══ Material provided

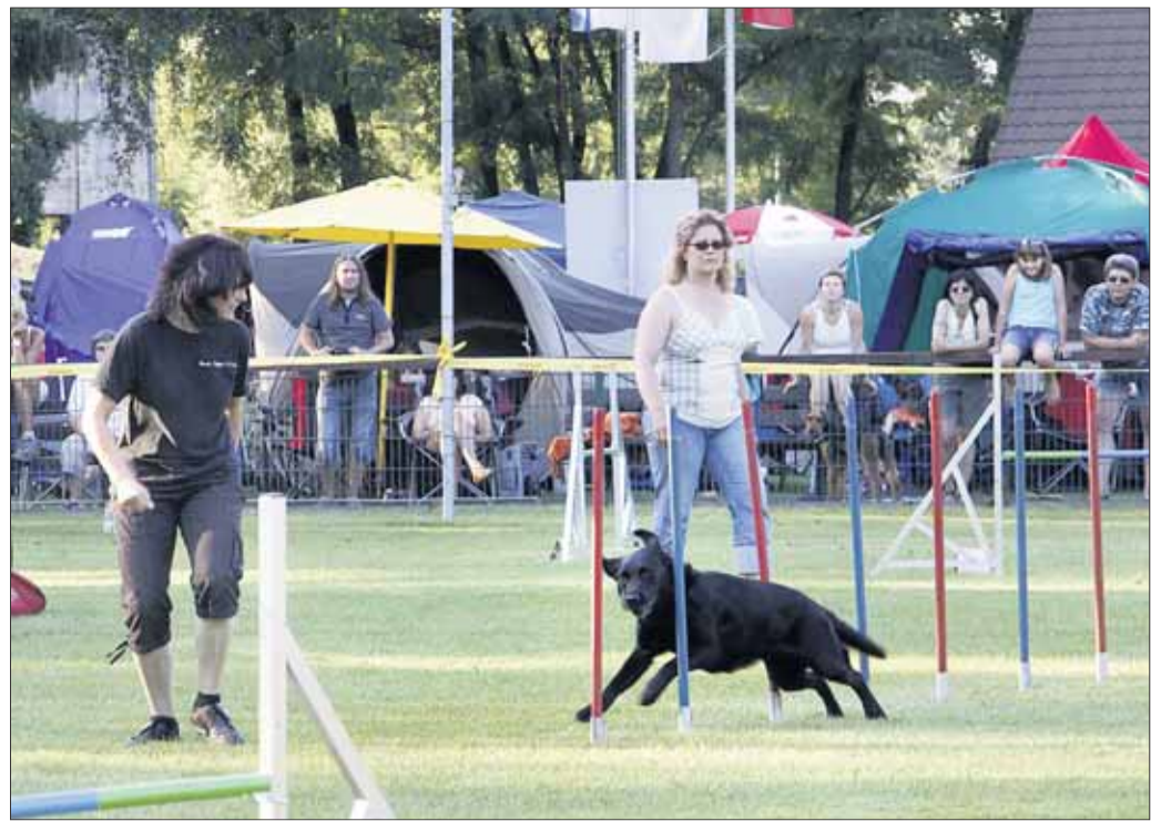
Mit mehr als 300 Teilnehmern war das Sommerfest der Mainflinger Hundesportler die größte Veranstaltung im Leistungsbereich des Hundesports in der gesamten Region. Ein Aufgebot an Hunden jeder Größe und Rasse, sowie unzählige sportliche Highlights machten die zwei Tage zum Erlebnis.

ten Teil nicht abgenommen wird, so dass der geplante Wirkungsgrad nicht 57 % erreicht, sondern bei 45 % bleiben wird. Ø Durch den Bau und den Betrieb des geplanten Blocks 6 werde ich in den Grundrechten auf Schutz meiner Gesundheit, meiner körperlichen Unversehrtheit und meines Eigentums verletzt. Ich fordere die Genehmigungsbehörde auf, diesen meinen Grundrechten Geltung zu verschaffen, mir eine lebenswerte Umwelt zu garantieren und diesen 6. Kraftwerksblock bei Staudinger nicht zu genehmigen. Weitere Einwendungen behalte ich mir vor. Im Übrigen nehme ich Bezug auf die Stellungnahmen der BI Stopp Staudinger, des BUND und der kommunalen Arbeitsgemeinschaft gegen Block 6 und schließe mich diesen inhaltlich an.“ Außerdem wurde ein Informationsblatt für persönliche Einwendungen erstellt, welches auch an den oben genannten Stellen ausliegt.
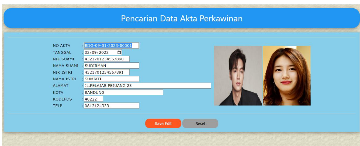
Gambar 14.2. Hasil Pencarian Edit Data Perkawinan
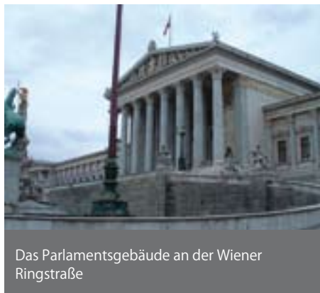
Das Parlamentsgebäude an der Wiener Ringstraße

Wer hat politische Macht in Österreich, wer in Europa? Welche Institutionen spielen welche Rolle? Wozu brauchen wir in EU-Eu-
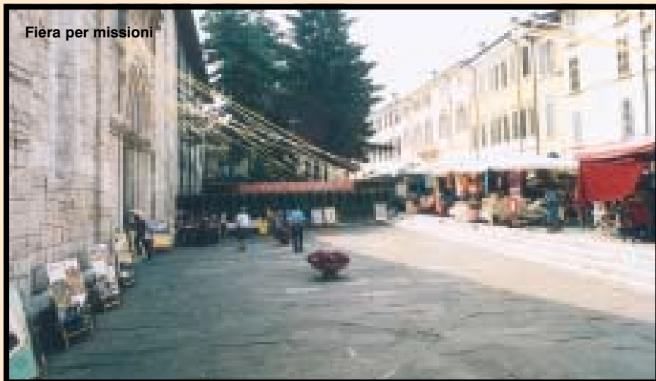
Fiera per missioni
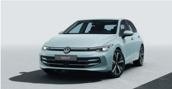
Crystal Ice Blue Metallic-Lackierung 3Y3Y
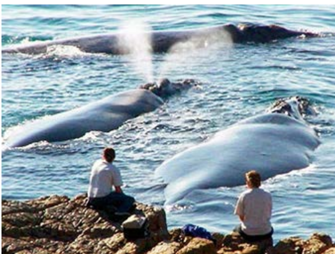
Hermanus - Avistamiento de ballenas
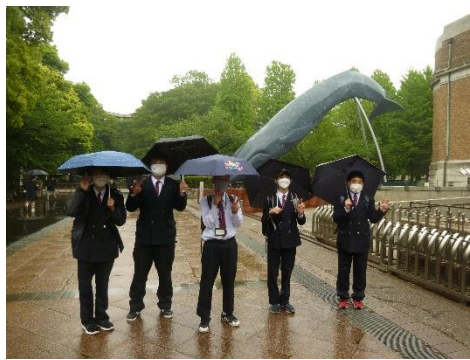
国立科学博物館に到着！
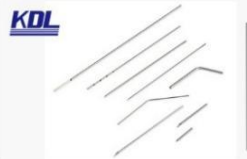
特殊针管 Special Needle Tube

════

- _Task_
The entries above should be retyped word for word, with all pictures omitted.

- _Exercise result_
Mit mehr als 300 Teilnehmern war das Sommerfest der Mainflinger Hundesportler die größte Veranstaltung im Leistungsbereich des Hundesports in der gesamten Region. Ein Aufgebot an Hunden jeder Größe und Rasse, sowie unzählige sportliche Highlights machten die zwei Tage zum Erlebnis.

ten Teil nicht abgenommen wird, so dass der geplante Wirkungsgrad nicht 57 % erreicht, sondern bei 45 % bleiben wird. Ø Durch den Bau und den Betrieb des geplanten Blocks 6 werde ich in den Grundrechten auf Schutz meiner Gesundheit, meiner körperlichen Unversehrtheit und meines Eigentums verletzt. Ich fordere die Genehmigungsbehörde auf, diesen meinen Grundrechten Geltung zu verschaffen, mir eine lebenswerte Umwelt zu garantieren und diesen 6. Kraftwerksblock bei Staudinger nicht zu genehmigen. Weitere Einwendungen behalte ich mir vor. Im Übrigen nehme ich Bezug auf die Stellungnahmen der BI Stopp Staudinger, des BUND und der kommunalen Arbeitsgemeinschaft gegen Block 6 und schließe mich diesen inhaltlich an.“ Außerdem wurde ein Informationsblatt für persönliche Einwendungen erstellt, welches auch an den oben genannten Stellen ausliegt.
Gambar 14.2. Hasil Pencarian Edit Data Perkawinan
Das Parlamentsgebäude an der Wiener Ringstraße

Wer hat politische Macht in Österreich, wer in Europa? Welche Institutionen spielen welche Rolle? Wozu brauchen wir in EU-Eu-
Fiera per missioni
Crystal Ice Blue Metallic-Lackierung 3Y3Y
Hermanus - Avistamiento de ballenas
国立科学博物館に到着！
特殊针管 Special Needle Tube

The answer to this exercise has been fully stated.